Abstract
The objective of the study was to assess the consistency between self-reported demographic characteristics, health conditions, and healthcare use, and administrative healthcare records, in a sample of enrollees of an Indigenous health organization in Colombia. We conducted a phone survey of a random sample of 2113 enrollees September-2020/February-2021. Administrative health records were obtained for the sample. Using ICD-10 diagnostic codes, we identified individuals who had healthcare visits for diabetes, hypertension, and/or pregnancy. Using unique identifiers, we linked their survey data to the administrative dataset. Agreement percentages and Cohen’s Kappa coefficients were calculated. Logistic regressions were performed for each health condition/state. Results showed high degree of agreement between data sources for sex and age, similar rates for diabetes and hypertension, 10% variation for pregnancy. Kappa statistics were in the moderate range. Age was significantly associated with agreement between data sources. Sex, language, and self-rated health were significant for diabetes. This is the first study with data from an Indigenous population assessing the consistency between self-reported data and administrative health records. Survey and administrative data produced similar results, suggesting that Anas Wauu can be confident in using their data for planning and research purposes, as part of the movement toward data sovereignty.
Keywords
Introduction
Broadly speaking, the two main types of data sources in population health and health services research are surveys and administrative/clinical records.
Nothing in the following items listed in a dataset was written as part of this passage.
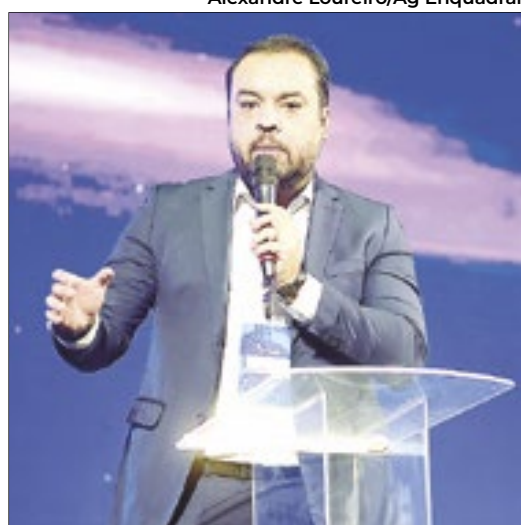
O governador do Rio Cláudio Castro durante seu discurso no evento que será realizado até a próxima sexta-feira

do nosso povo e, principalmente, ressaltou que as famílias celebram a tradição da cidade”, disse Rodrigo. O secretário de Governo, Luiz Furlani, que já tem o apoio de Drable para 2024, acompanhou todo o desfile. Não é bobo de perder uma oportunidade dessa.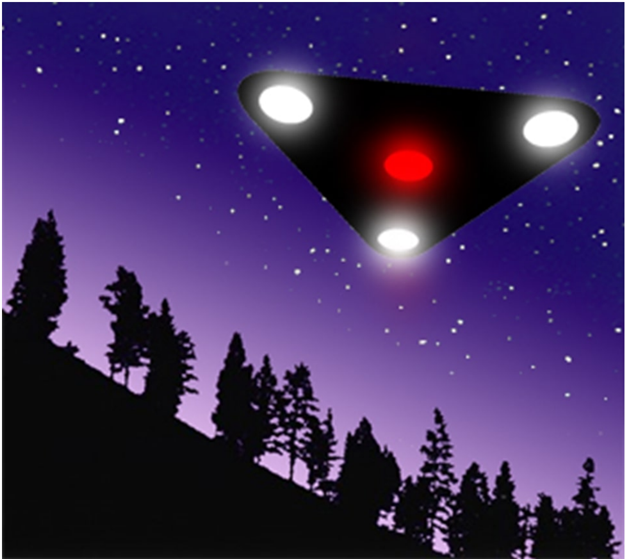
Ufología. Concepto artístico de un típico objeto triangulo negro.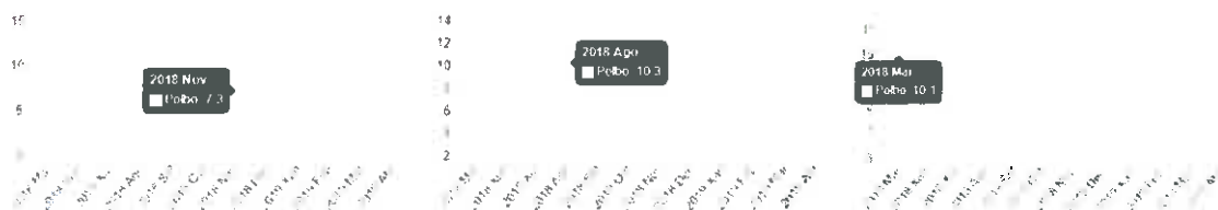
Evolución prezo do polbo, Lonxas de A Coruña, Camariñas e Ribeira.

Os prezos de alimentos e bebidas non alcohólicas, por unha banda, e de bebidas alcohólicas, por outra, incrementáronse respectivamente un 1,4% e un 1,6% en Galicia no ano 2018; esta suba enténdese xa repercutida no incremento dos prezos do sector de restauración sinalado anteriormente. Non procede facer corrección algunha derivada do singular incremento dalgún dos compoñentes do menú establecido. Particularmente, o polbo (que si supuxo un factor de coreción en 2018) non experimentou un especial incremento de prezo nos últimos 12 meses xa que o maior número de capturas fixo que se estabilizara o prezo tras un longo periodo de subas continuadas; particular que se pon de manifesto nos prezos medios de polbo das principais lonxas galegas: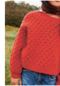
MOA GENSER Double Sunday Design 4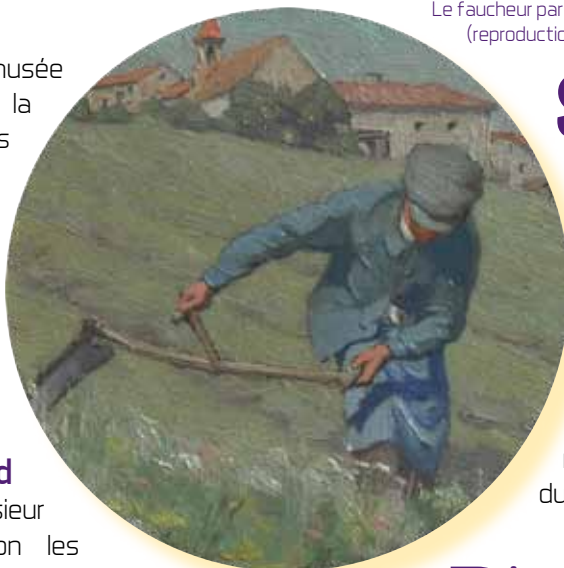
Le faucheur par Victor Guerrier (reproduction musée d'Allard).

C'est à partir de 1812 que le sieur d'Allard amène à Montbrison les visages du vaste monde. Le musée expose aujourd'hui les pièces les plus emblématiques de cette collection organisée suivant les règnes végétal, minéral et animal.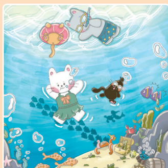
11 Лето на море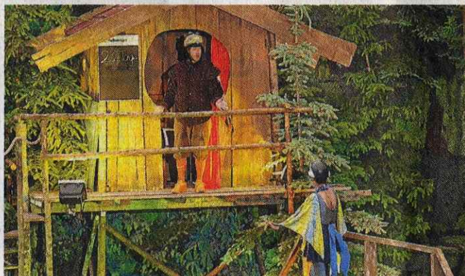
Hoch oben im Baum hat der Kuckuck sein Kuckuckshaus.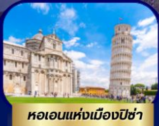
หอเอนแห่งเมืองปิซ่า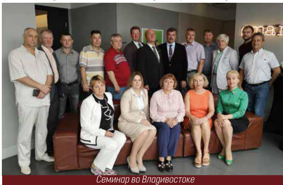
Семинар во Владивостоке

Но сказать о том, что всегда журнал старался дать возможность высказаться на его страницах всем, нужно и важно. Год, о котором мы сейчас рассказываем, стал своего рода годом подъема и падения, упущений и достижений. Одним из таких достижений оказалась, на первый взгляд, совершенно безобидная статья о том, почему и кем установлен срок службы в 25 лет для лифтов. По заданию ру-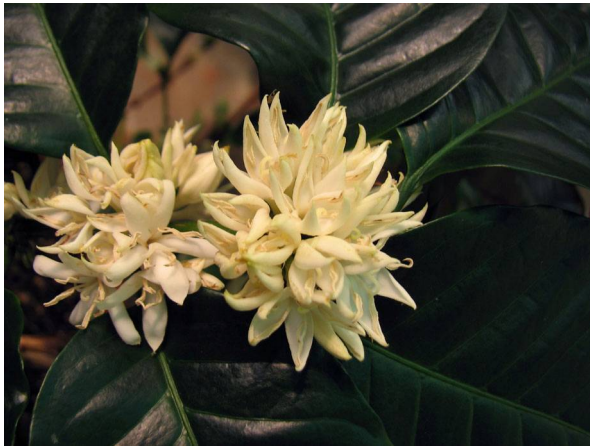
Abb. 5: Coffea arabica , blühender Kaffeestrauch.

In den Achseln der gegenständigen, ledrig-glänzenden Blätter (Abb. 1) entwickeln sich vielblütige Trugdolden mit weißen, sternförmigen Blüten. Sie haben eine fünfzipfelige Kronröhre und fünf damit verwachsene Staubblätter (Abb. 5 & 6), einen unterständigen Fruchtknoten (Abb. 7) mit zwei Samenanlagen und einem Griffel mit zwei Narben (Abb. 6).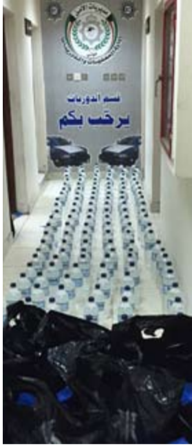
الخمور المضبوطة في شارع عمان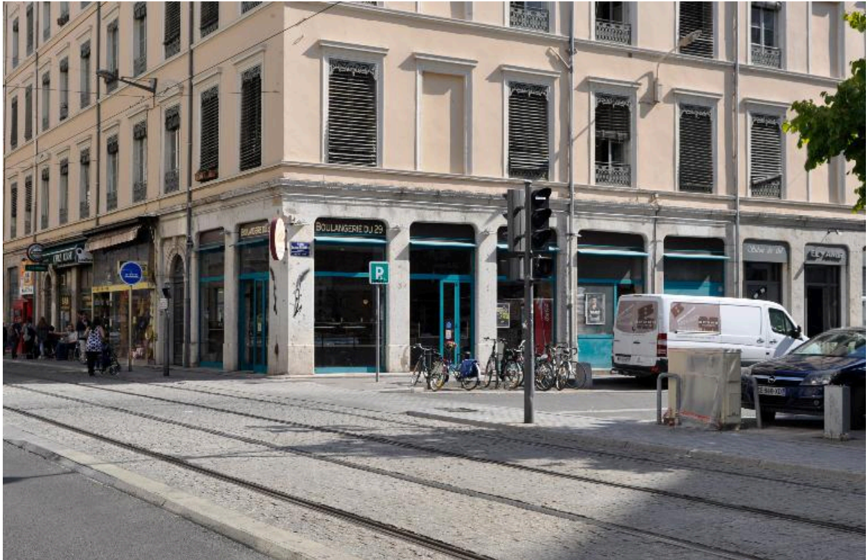
Elévation latérale, vue rapprochée du rez-de-chaussée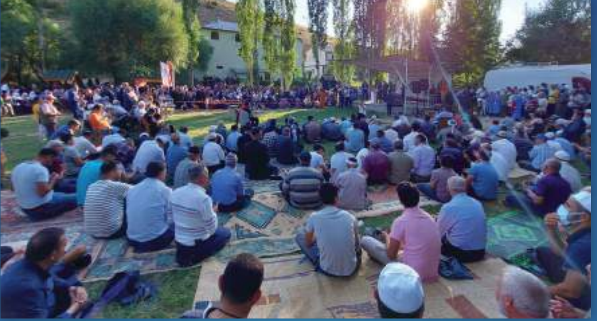
15 Ağustos 2022 Yıldönümü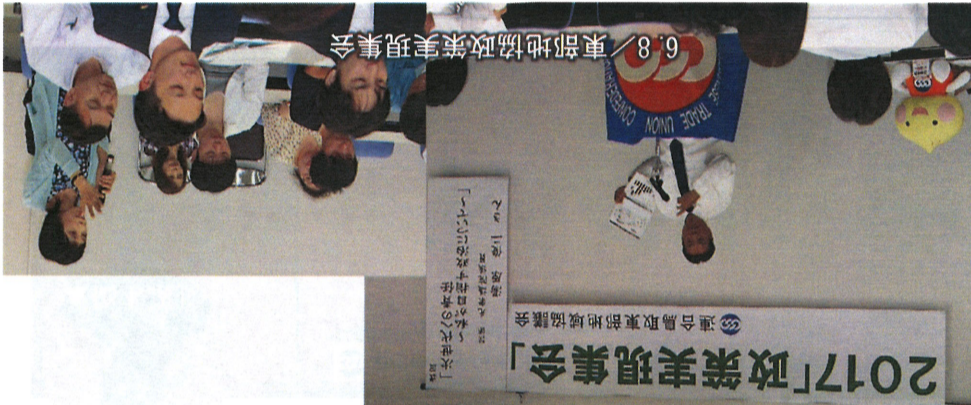
6.8/東部地協政策実現集会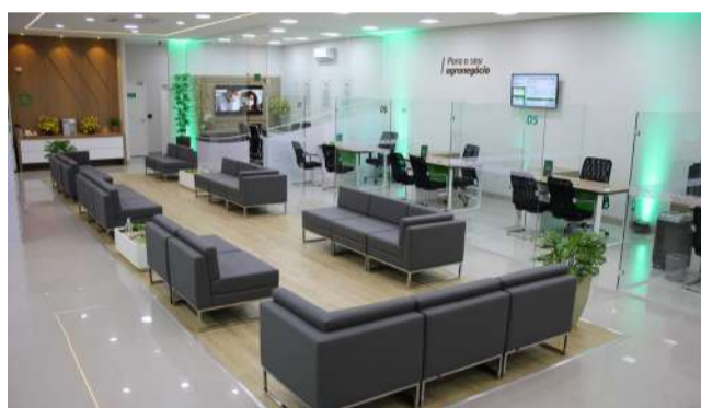
Agência localizada em Goiatuba - Goiás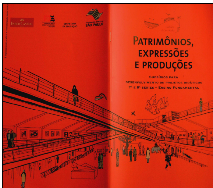
Figura 2 – Capa do Fascículo: Patrimônio, Expressões e Produções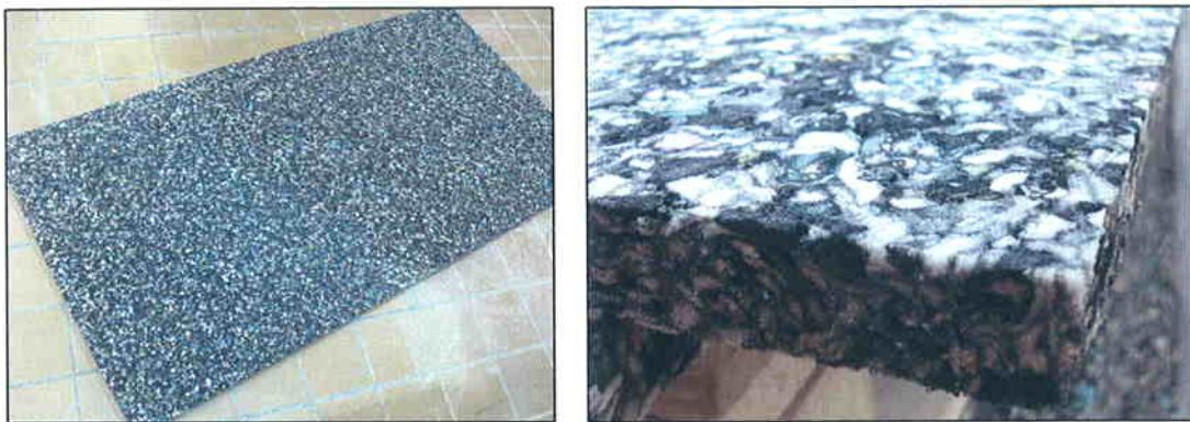
Imágenes 1 y 2 Detalles del panel Copopren ® Acústico Negro de 20 mm

Para la construcción de la muestra se utiliza un conjunto de paneles de espuma de poliuretano aglomerada Copopren ® Acústico Negro de 20 mm de espesor y densidad nominal 150 Kg/m 3 . Estos paneles son realizados mediante inyección especial de polvo granulado de poliuretano y tamizado selectivo (descripción aportada por el peticionario del ensayo). Las dimensiones nominales de los paneles son 2000 x 1000 mm. Material recibido el 2 de marzo de 2009.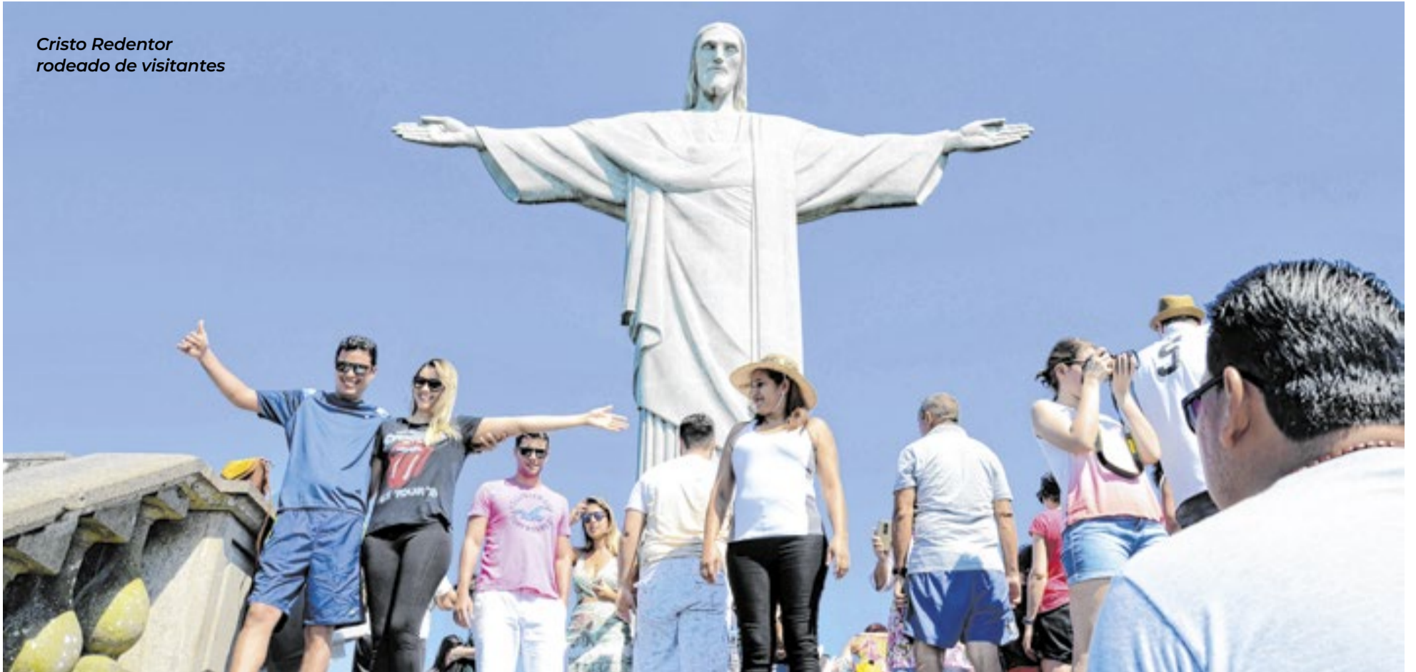
Cristo Redentor rodeado de visitantes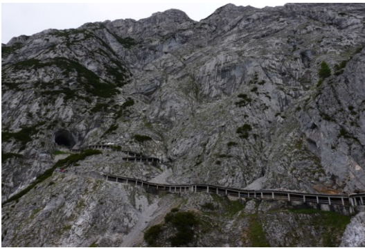
Weg Bergstation / Dr. Oedl Haus zum Höhleneingang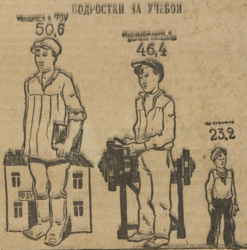
Школами ФЗУ охвачено 50.600 человек; индивидуальным и бригадным обучением 46.400. Не охвачено учебной 23.200 человек.

Первый этап пройден. За 10 лет сделано не мало — достигнута есть и достигнута не маленькая. Но еще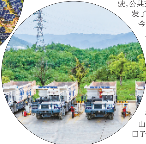
矿区纯电动无人矿卡充电桩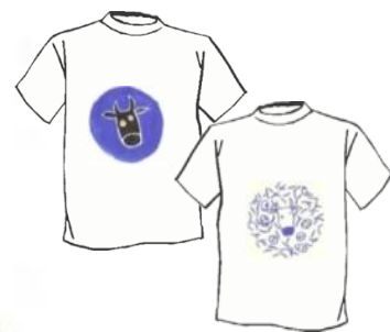
Camisetas disponibles en la TIENDA web ¡PIDE LA TUYA!

Donativos: Nº cuenta 3058 1915 97 2720023051 NIF: G-85750438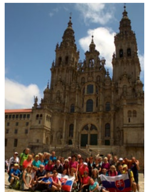
Účastníci zájazdu pred chrámom sv. Jakuba

Počas celej cesty zbiera pútnik pečiatky do tzv. Credencialu, pasu pútnika. Ak prejde pútnik aspoň 100 km a za deň získa dve pečiatky, na konci cesty získa certifikát o absolvovaní púte do Compostely. Na konci cesty, v kostole sv. Jakuba sa nachádza socha s relikviami sv. Jakuba. Vraj až vtedy sa končí púť, ak ju objímete ale-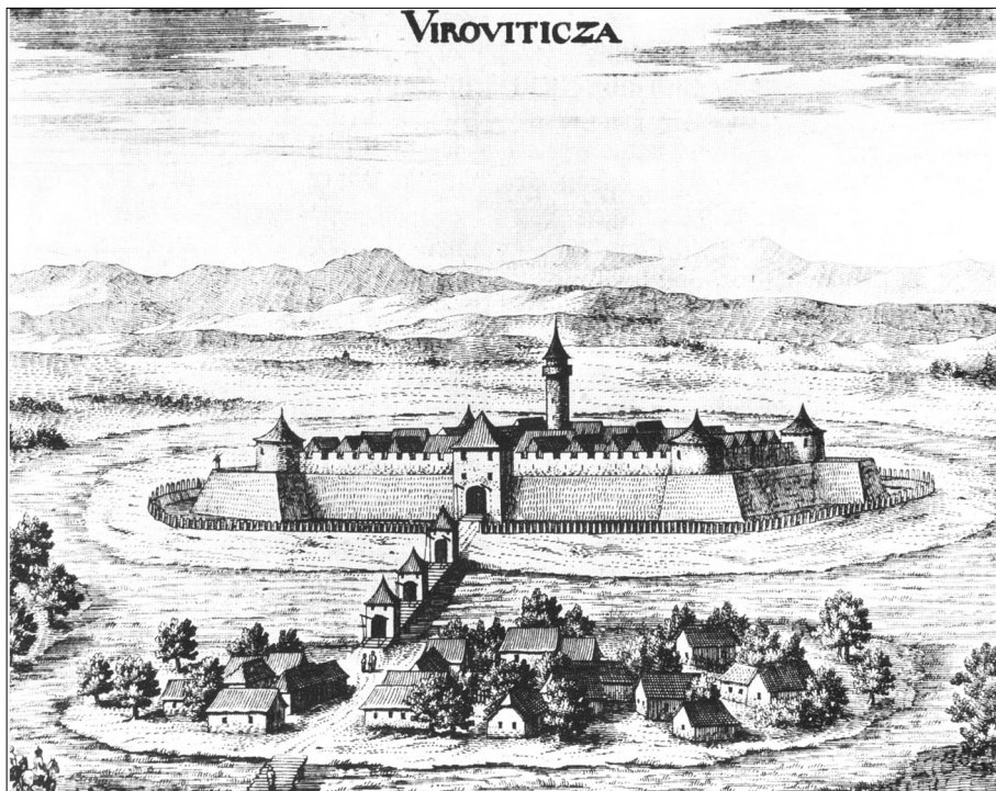
Valvazorov crtež Virovitice iz 1684.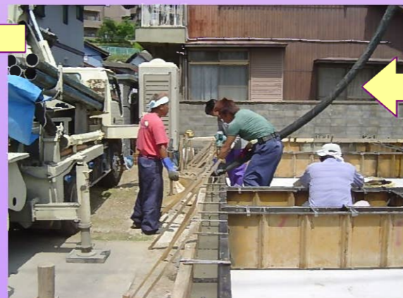
型枠にそって生コンを流し こんでいきます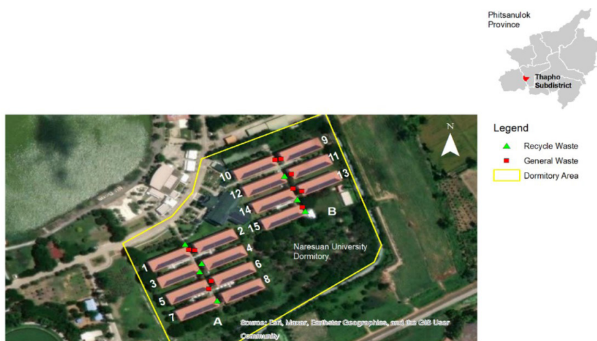
ภาพ 4 จุดทิ้งขยะในหอพักนิสิตมหาวิทยาลัยนเรศวรจำแนกเป็นโซน A และโซน B

1.1 จุดรับขยะทั่วไป มีถังขยะขนาด 240 ลิตร วางคละสีต่างกันไปในแต่ละจุด เช่น บริเวณอาคาร 1 มีถังขยะสีเขียวและเหลือง บริเวณอาคาร 11 มีถังขยะสีน้ำเงิน เขียว และแดง ขึ้นกับสภาพถังที่ใช้งานได้ หรือการนำมาวางสับเปลี่ยนของแม่บ้าน สภาพถังขยะส่วนใหญ่สามารถใช้งานได้ และจัดวางอย่างเป็นระเบียบ (ภาพ 5ก) ไม่พบปัญหาขยะล้นถัง กลิ่นเหม็น แผลงรำคาญ และสุนัขคุ้ยเขี่ย อย่างไรก็ตาม การจัดวางถังขยะสีต่าง ๆ ไม่ได้มีเป้าหมายเพื่อการคัดแยก เนื่องจากขยะทั่วไปมีจำนวนมาก แม่บ้านจึงนำถังขยะสีอื่นมารองรับ ส่วนการทิ้งขยะนิสิตถูกขอความร่วมมือให้ทิ้งในเวลา 06:00-09:00 น. ของทุกวัน โดยนิสิตจะรวบรวมขยะไว้ในถุงดำ หรือถุงพลาสติก แล้วนำมาทิ้งในถังขยะสีใดก็ได้ที่ว่างอยู่ ขยะหลากหลายประเภทจึงปะปนกัน ดังนั้น แม่บ้านประจำหอพักจะเป็นฟันเฟืองแรกของการแยกขยะรีไซเคิลออกจากจุดรับขยะทั่วไป ซึ่งส่วนใหญ่เป็นขยะรีไซเคิลประเภท PET พลาสติกรวม กระดาษลูกฟูก (กระดาษแข็งหรือกระดาษลัง) และกระดาษย่อย (สมุด หนังสือ ตำรา สำเนาเอกสารประกอบการเรียน) กระป๋องอลูมิเนียม ขวดแก้ว รวบรวมแยกไว้ตามประเภท รอการรับซื้อจากธุรกิจรับซื้อของเก่า ส่วนขยะทั่วไปที่เหลืออยู่ พนักงานกองอาคารสถานที่ จะขนถ่ายไปทิ้งยังบ่อฝังกลบขยะภายนอกมหาวิทยาลัย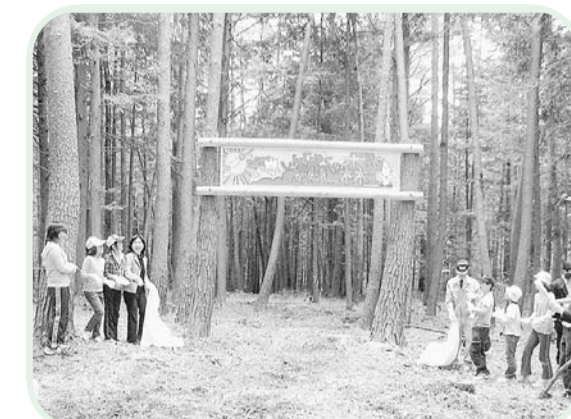
「新宿の森」の看板の除幕式

区では、長野県伊那市と「森林保全による地球環境保全のための協定」を締結しています。この協定に基づき、21年度から5年間、伊那市の市有林で、毎年約30ヘクタールずつ間伐等の整備をします。これは、区内でのCO2削減に加えて、区外の森林保全等によりCO2の吸収を促進し区内のCO2排出量から相殺(カーボンオフセット)する取り組みです。

As is the case with other fields of research, the main challenge is to ensure the reliability and validity of the data. Since earlier years of health and sociological research, methodological studies of survey research have dealt “with the many possible sources of bias to be found in… surveys” (Suchman, 1962). Furthermore, given that self-reporting “is often used to estimate health care utilization … the accuracy of such data is of paramount concern” (Bhandari & Wagner, 2006). Studying the consistency between self-reported and administrative health records is of value for health services research, due to their respective strengths and weaknesses, as well as advantages and disadvantages. It has been suggested that linking administrative data with primary data complements the unique strengths of each type of data (Roos et al., 1993). Furthermore, the consistency between self-reported and administrative health records may substantially vary across different types of illnesses, population groups, contexts, and countries. Thus, a better understanding of their levels of trustworthiness can provide evidence for methodological decision-making in health research. To our knowledge, despite the numerous studies assessing this consistency (Al-Azazi et al., 2019; Brown & Adams, 1992; Clifasefi et al., 2011; Lix et al., 2008; Lix et al., 2010; Okura et al., 2004; Rhodes & Fung, 2004; Robinson et al., 1997), none has been conducted with Indigenous populations. In a two-year study with a large Indigenous health organization in Colombia, we assessed the role of intercultural hostels and bilingual guides in relation to access to health care, utilizing self-reported survey data and administrative data (Mignone et al., 2021). This provided a unique opportunity to assess the consistency between administrative health records and self-reported data from the Indigenous Wayuu population of Colombia.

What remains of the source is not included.